This tool prepares genomes/transcriptomes for tasks such as orthology prediction, where multiple isoforms per gene are undesirable. It ingests a fasta file (a genome/transcriptome in nucleotide space) and a gff file, and filters the genome/transcriptome down to the longest transcript for each gene. It supports processing multiple genomes in parallel, and in the absence of a parent attribute, it supports deduplication of isoforms using regex on a hierarchical id attribute.
usage: longest_transcript.py [-h] [-i IN_DIR] [-o OUT_DIR]
[-s SAMPLE_NAMES [SAMPLE_NAMES ...]] [-f FASTA_EXT]
[-g GFF_EXT] [-r REGEX] [--freeze_attribute_order]
Returns the longest transcript per gene in both nucleotide space and peptide
space along with a simplified gff with only the relevant lines.
optional arguments:
-h, --help show this help message and exit
-i IN_DIR, --in_dir IN_DIR
Path to directory with input gff and fasta.
-o OUT_DIR, --out_dir OUT_DIR
Path to output directory (created if missing, unique
created if non-empty).
-s SAMPLE_NAMES [SAMPLE_NAMES ...], --sample_names SAMPLE_NAMES [SAMPLE_NAMES ...]
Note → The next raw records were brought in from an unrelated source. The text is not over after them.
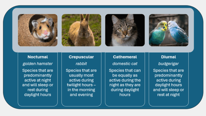 Species can be classified as diurnal, crepuscular, nocturnal or cathemeral depending on their preference for when to be active during a 24-hour period (Figure 1). Owners should be aware of when their pet is likely to be active, and thus perform a wider diversity of behaviour patterns, to ensure that housing and care facilities meet the species’ behavioural needs.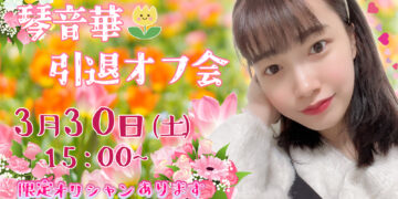 頂級片商Moodyz專屬出道、目前遊走於各片商發片的女優「琴音華」宣布將在月底引退,在經紀公司的幫忙下會有一場引退的オフ會(OFF會)和大家說再見: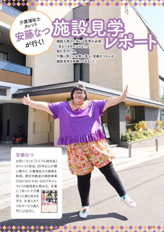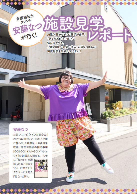 また、お笑いタレント・メイプル超合金の安藤なつさんによる施設体験リポートを掲載。介護福祉士の資格を持つ安藤さんが、見学時のポイントを紹介しながら、介護の楽しさややりがいなどについて語ります。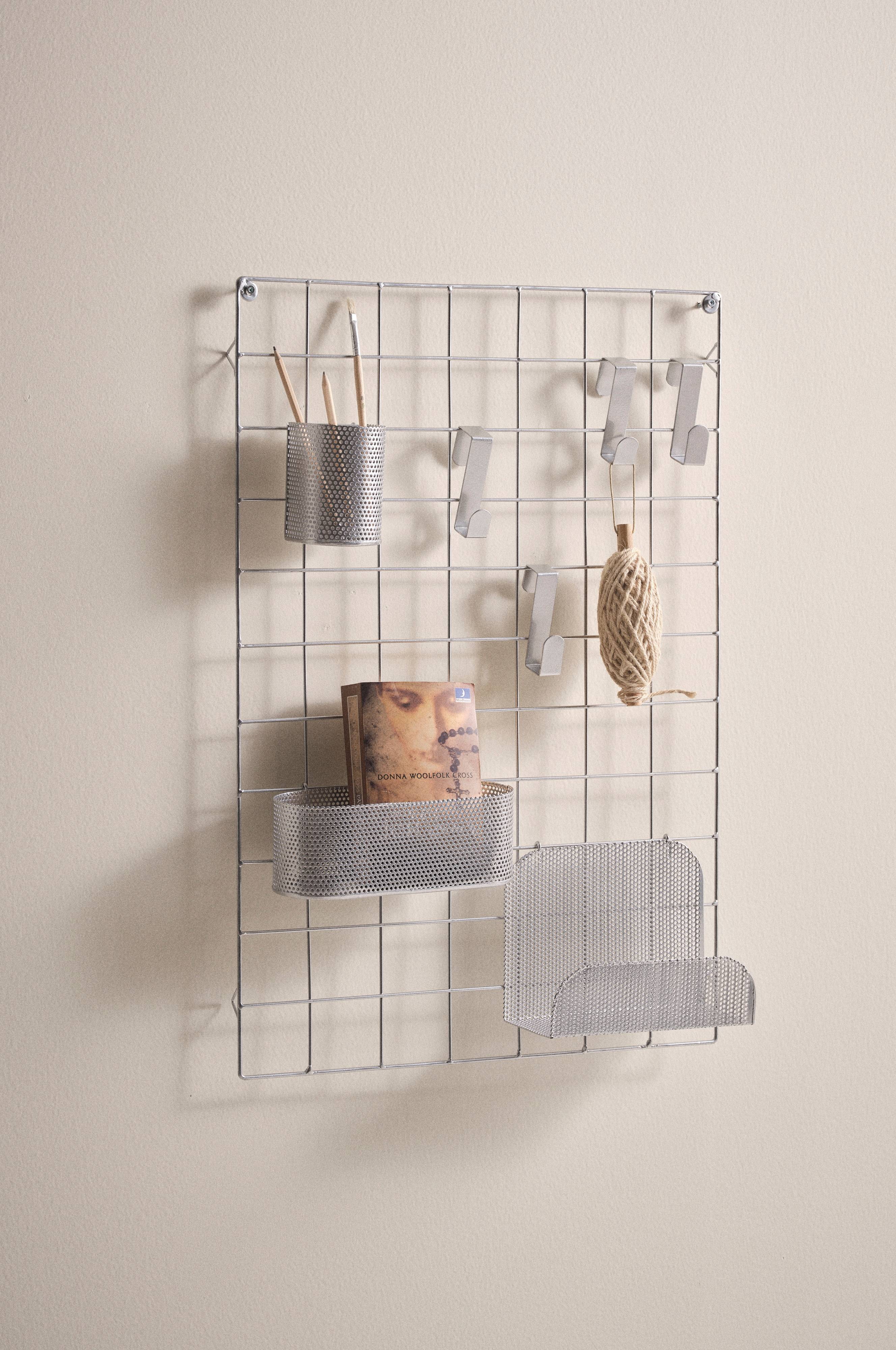 Seinäsäilytysratkaisu metallia. Kiinnitä verkko seinälle ja ripusta verkkoon mukana toimitettavat lokerot, pidike ja neljä koukkua. Kaikki osat ovat siirrettäviä, joten voit asetella ne haluamallasi tavalla. Käytännöllinen ja tyylikäs tapa pitää yllä järjestystä.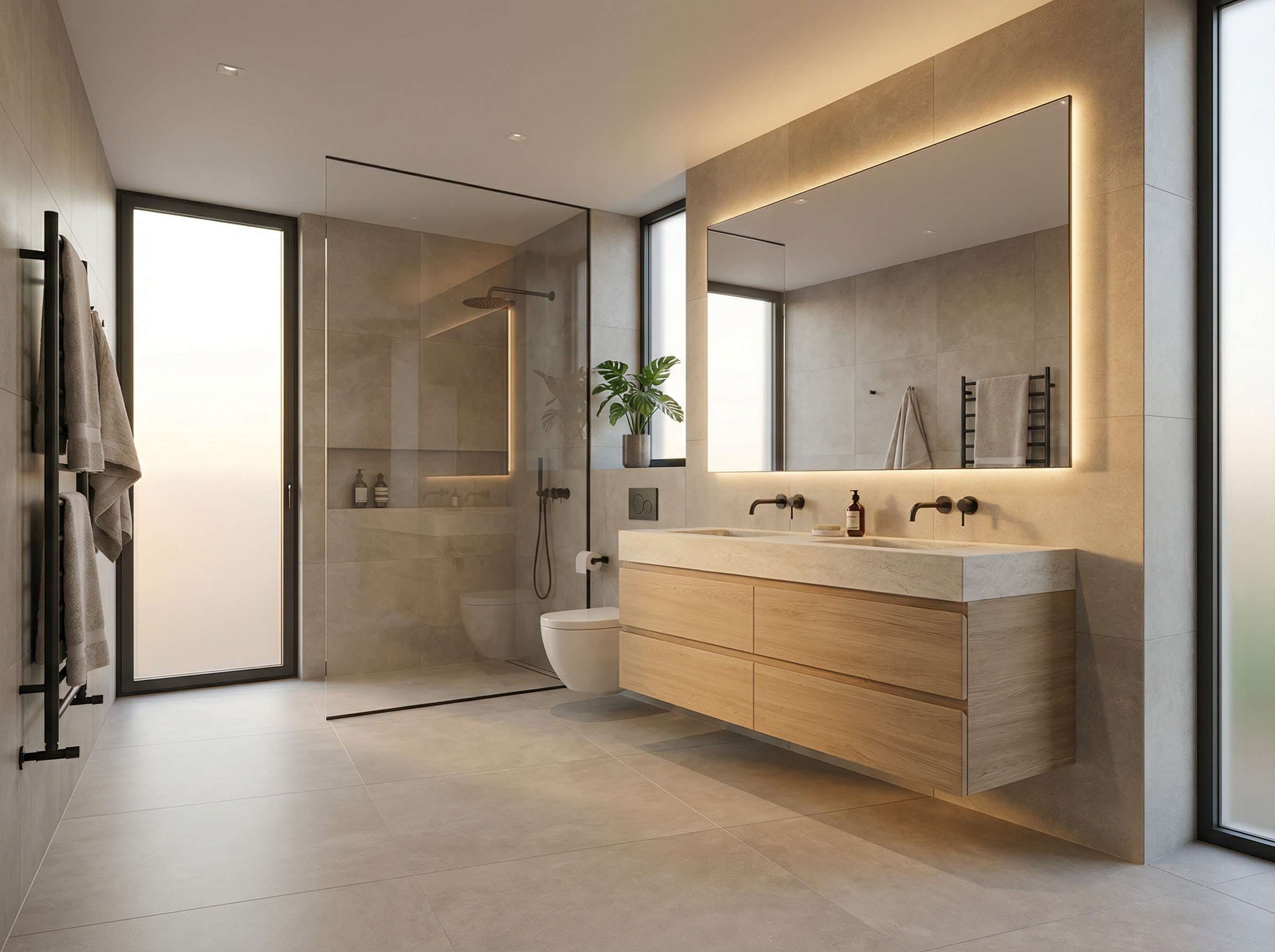 • Marken-Sanitärobjekte (u. a. Laufen, Hansgrohe oder gleichwertig)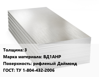 Алюминиевый лист 3 Марка: ВД1АНР рифленый Даймонд ГОСТ: ТУ 1-804-432-2006 цена от 438 300 ₽ / т, где купить, условия доставки в Иркутске и Иркутской области

One or more space separated sample_name(s).
-f FASTA_EXT, --fasta_ext FASTA_EXT
Optionally set non-default (.fna) file extension.
-g GFF_EXT, --gff_ext GFF_EXT
Optionally set non-default (.gff) file extension.
-r REGEX, --regex REGEX
Optionally group isoforms on id field using regex. By
default parent field is used to find competing
isoforms. Quote this parameter to avoid problems with
special characters. For help with regex, visit:
https://regex101.com/r/F561kR/4
--freeze_attribute_order
Due to implementation, a slight speed boost can be
obtained if you don't care about maintaining attribute
order. This option exists for regression testing, or
for workflows for which this order matters.